Kong Lingli est l’un des rares souffleurs de caramel à continuer à exercer ce métier pluriséculaire à Pékin. Ce quarantenaire chinois fabrique aussi des figurines en pâte de farine. Rencontre avec ce maître-artisan.
Brûlant. Kong Lingli se souvient encore de cette sensation la première fois qu’il a réalisé un animal en sucre. Il avait 10 ans. Ce Chinois de 42 ans de la province du Shandong, au nord-est de la Chine, est souffleur de caramel. Comme son père et son grand-père.
Tous les matins, Kong Lingli, accompagné de sa femme Wang Huilin, traverse toute la ville pour installer son petit stand dans la ruelle des snacks (Xiao Chi Jie) à Wangfujing, le quartier le plus commercial de Pékin.

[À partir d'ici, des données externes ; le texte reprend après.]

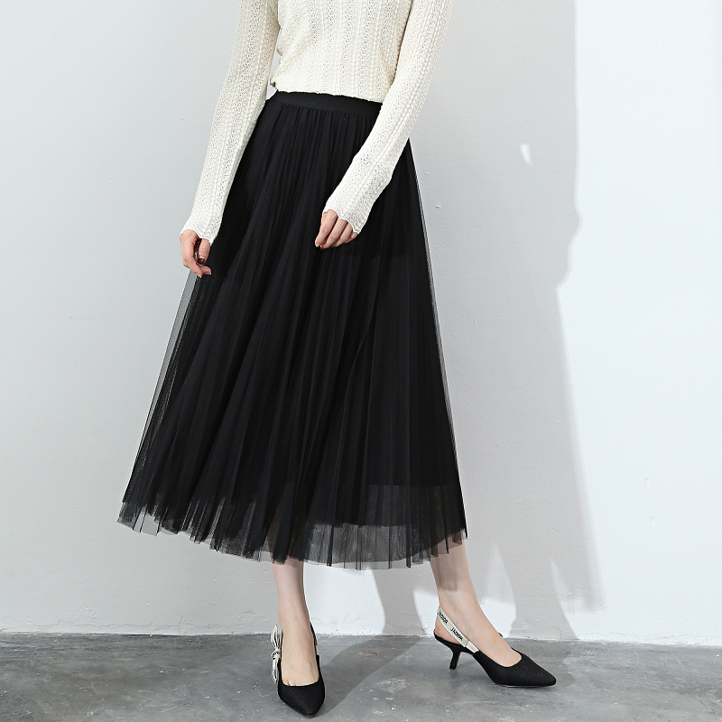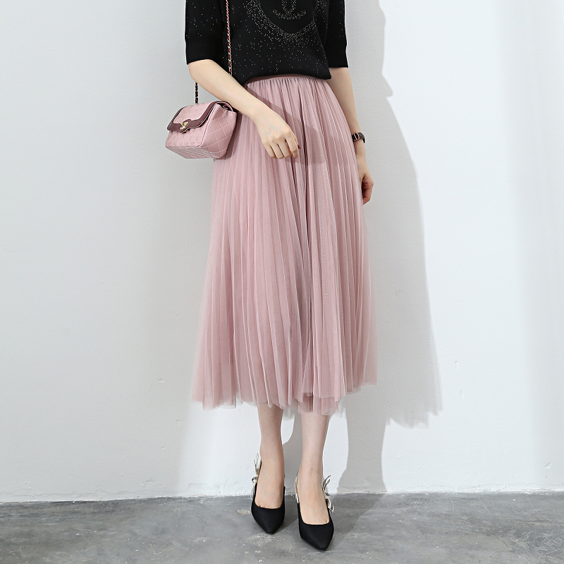 网纱半身裙女2018春夏新款长裙长款A字裙半裙百褶裙裙子半身...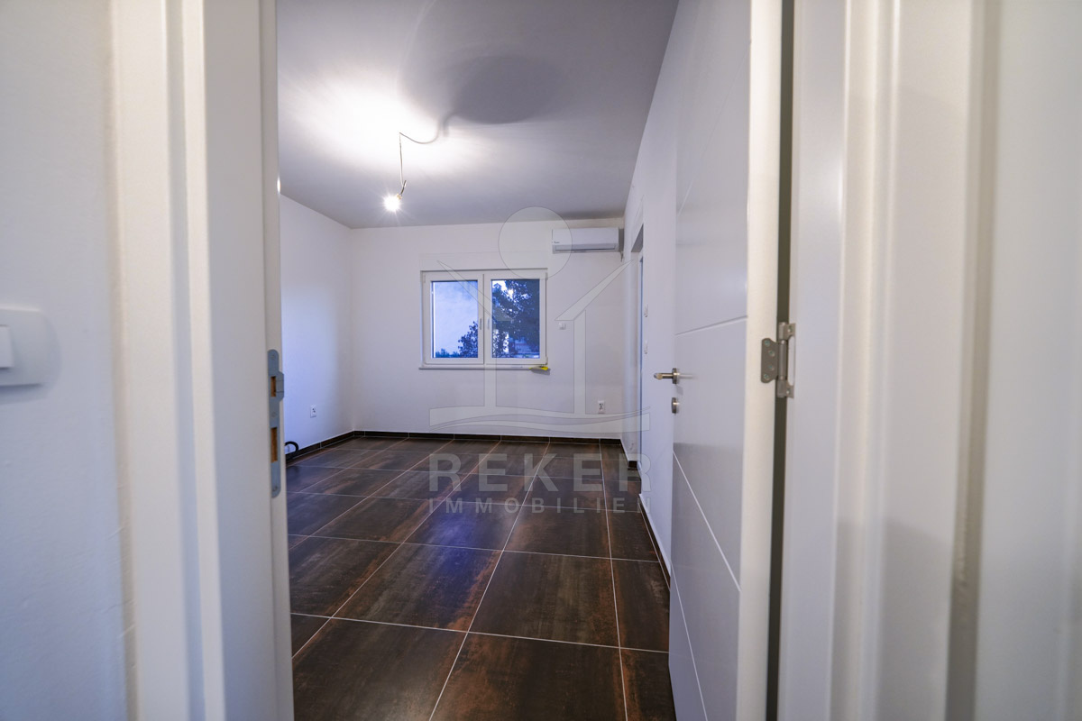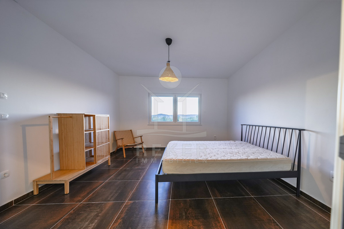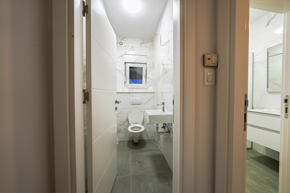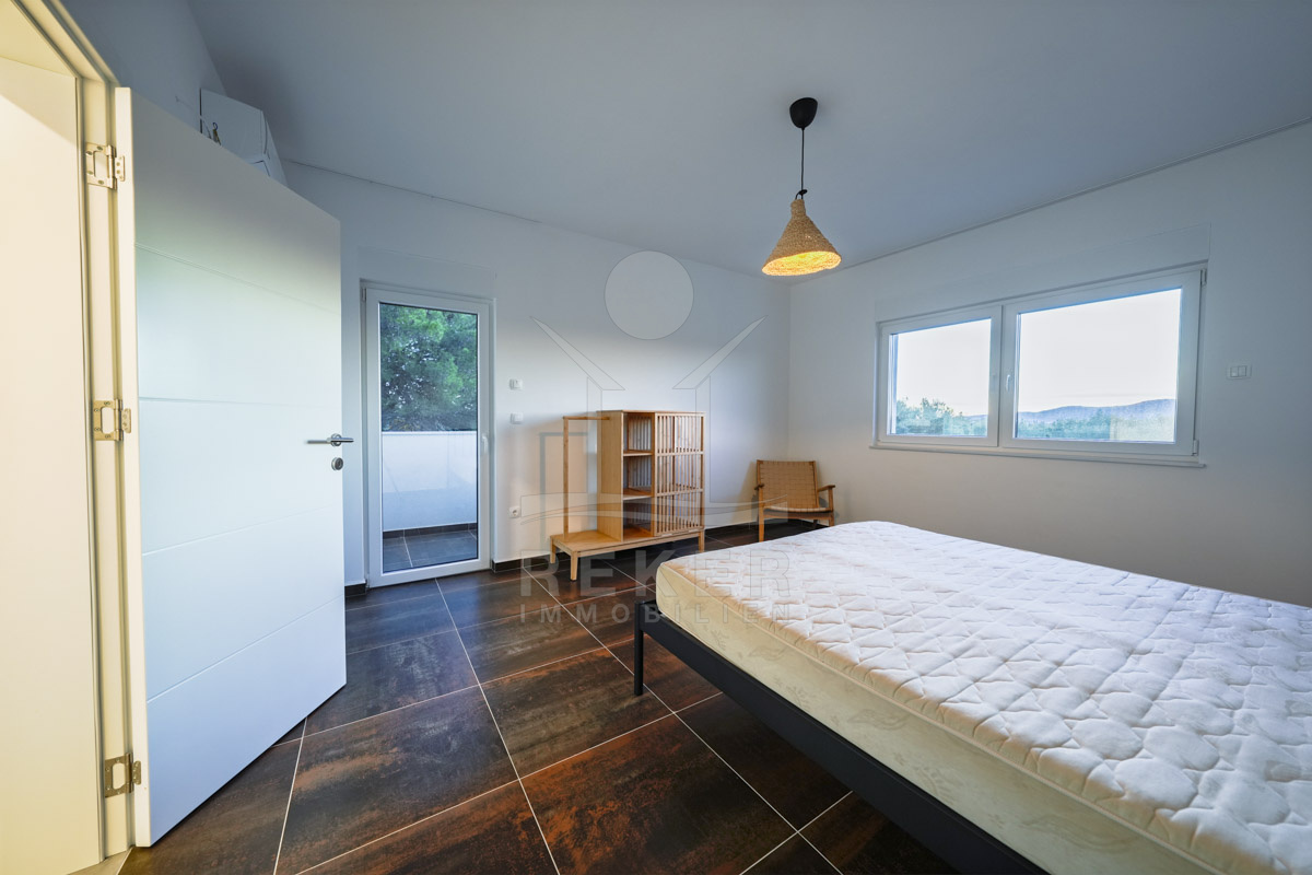 Diese moderne Villa in ruhiger, grüner Umgebung nahe Šibenik bietet alles, was man sich an der dalmatinischen Küste wünscht. Nur 500 Meter trennen Sie vom Meer. Das Grundstück mit rund 459 m² ist von einer Steinmauer umgeben und durch dichte Bepflanzung geschützt. Drei Parkplätze befinden sich vor dem Haus, im geschlossenen Hof stehen weitere Stellflächen bereit.

Revêtu d’une veste chinoise brodée, l’artisan déballe d’abord son réchaud à gaz. Puis pose dessus un récipient rempli d’une mixture composée de sucre blanc, de miel et d’un peu d’eau. Le tout est cuit pendant deux à trois heures. « Le plus dur, c’est de contrôler la chaleur du feu », explique cet ancien ébéniste. « Je me suis brûlé bien des fois », ajoute-t-il en montrant ses paumes recouvertes d’ampoules et de cales.
« Quel est votre signe astrologique ? », lance-t-il à des passants qui s’arrêtent devant son stand pour admirer les différents animaux et les gourdes en caramel exposés. « Lapin », répond timidement une jeune fille. « C’est 10 yuans », rétorque Kong Lingli. Il saisit alors un peu de caramel de sa casserole, le malaxe, en fait une boule, et y enfonce son doigt. Puis il étire la pâte et coupe en deux le cône ainsi formé.
D’un geste habile, il forme les oreilles et les pattes en laissant pendre un fin fil où il place sa bouche. « Ce n’est pas si évident que cela de souffler et de donner la forme que l’on veut », insiste-t-il avant de peindre l’objet et de le planter dans un bâtonnet en bambou. « C’est prêt ! Vous pouvez le manger ou le conserver au frais pendant 10 ans », assure-t-il.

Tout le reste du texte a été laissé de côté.